Over the past few months I've been trying to define the essence of why development work is so hard. If it were easy, well, the developing countries would have already developed. On a macro level there's a slew of issues from poor governance to the educated workforce leaving for greener pastures to poor allocation of aid. But seemingly, on the community level, these factors shouldn't really come into play. Why is my personal development work so hard?
In essence, I'm tasked with implementing behavioral change. I'm trying to rally a community around completely foreign ideas. It's one thing to organize and motivate around something that everyone believes in. It's quite another when they've never heard of the ideas you're proposing.
That brings me to climate change, a good analogy to illustrate this point. Let's imagine that it's 1998. The Y2K crisis is still off the map. Dot coms are booming. The economy is doing well. Seemingly America has hit its stride. You're working for a small outfit lobbying for better environmental policies. Your role is education. You travel all over the US meeting with people on college campuses, coffee shops, etc. But it's 1998. Green buzzwords haven't drifting into the collective conscious. Times are good. People are complacent. For all your competence in listing off the problems on the horizon and what we need to do to change course, you have this feeling it's all falling on deaf ears.
Let's fast forward to today. While people know more than they did twelve years ago, we're still not exactly storming the halls of Congress. We're in a crisis folks. This isn't just about saving obscure species of butterflies and villages you read about in National Geographic. Entire species are going extinct every twenty minutes. Over two million people die every year from air pollution. More than 80% of the world's natural forests have been destroyed.

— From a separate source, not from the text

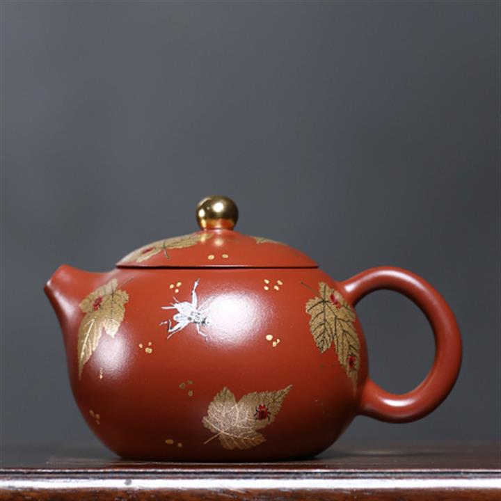 原礦紫泥描金梵蓮仿古茶壺POT6943

But how do you mount a green revolution? How do you bring climate change to the forefront? It's so abstract. Temperature differences of a degree or two? Ocean rises of maybe a foot in the next century? The statistics seem almost palatable. There are dire consequences for inaction, but it seems so far off, so removed from daily life.

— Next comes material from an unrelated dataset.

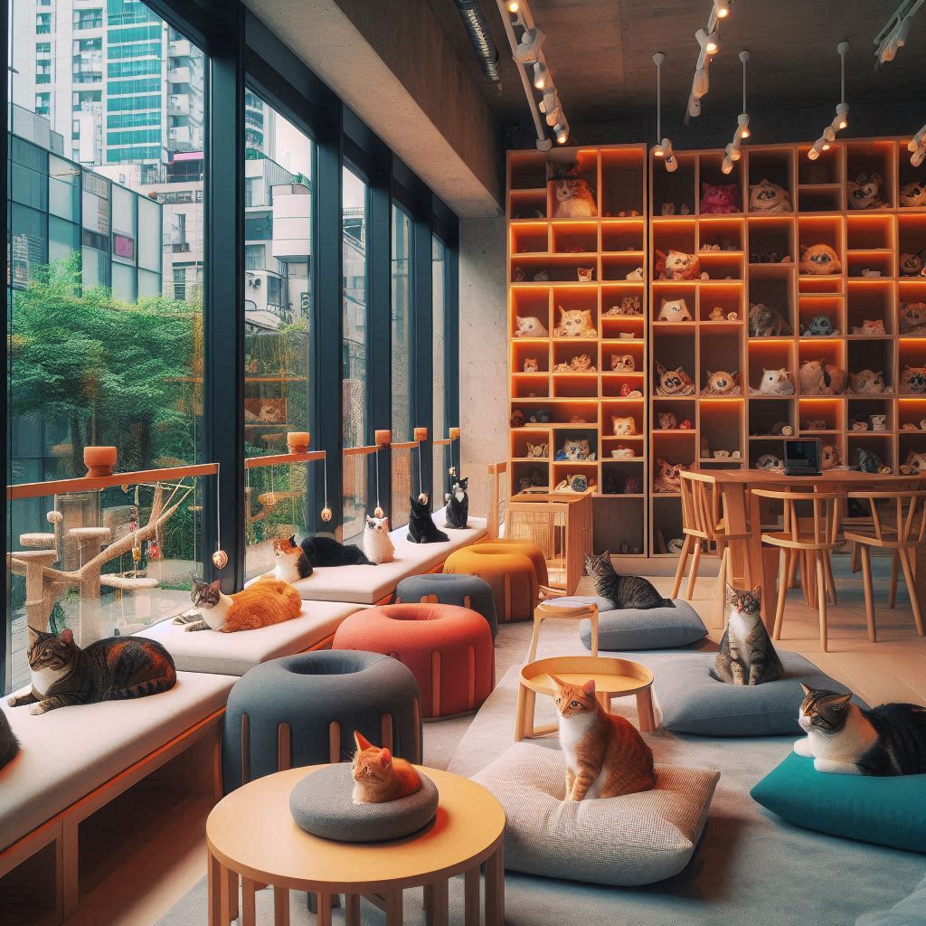 - 운영 방식: 시간당 요금제로 운영되며 음료와 스낵을 별도로 주문할 수 있습니다. 고양이들을 위한 놀이터가 잘 마련되어 있어 활기찬 분위기를 자아냅니다.
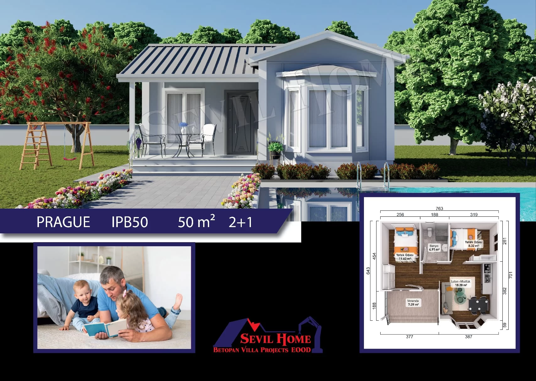 PRAGUA Prefabrik Projemiz 50 m² Kare Olup Toplam Fiyati: 14.500 €'dur,

So that's life on the Rio Mananti. People are dying from totally preventable health issues. But it's hard to tease those deaths out of the white noise of life where people come and go. People acknowledge that sicknesses come from drinking contaminated water and there is a basic understanding of disease transmission. It's just not quite enough for action. So for now, I keep on keepin' on with the idea that eventually these ideas will stick, that behavioral change is just around the corner.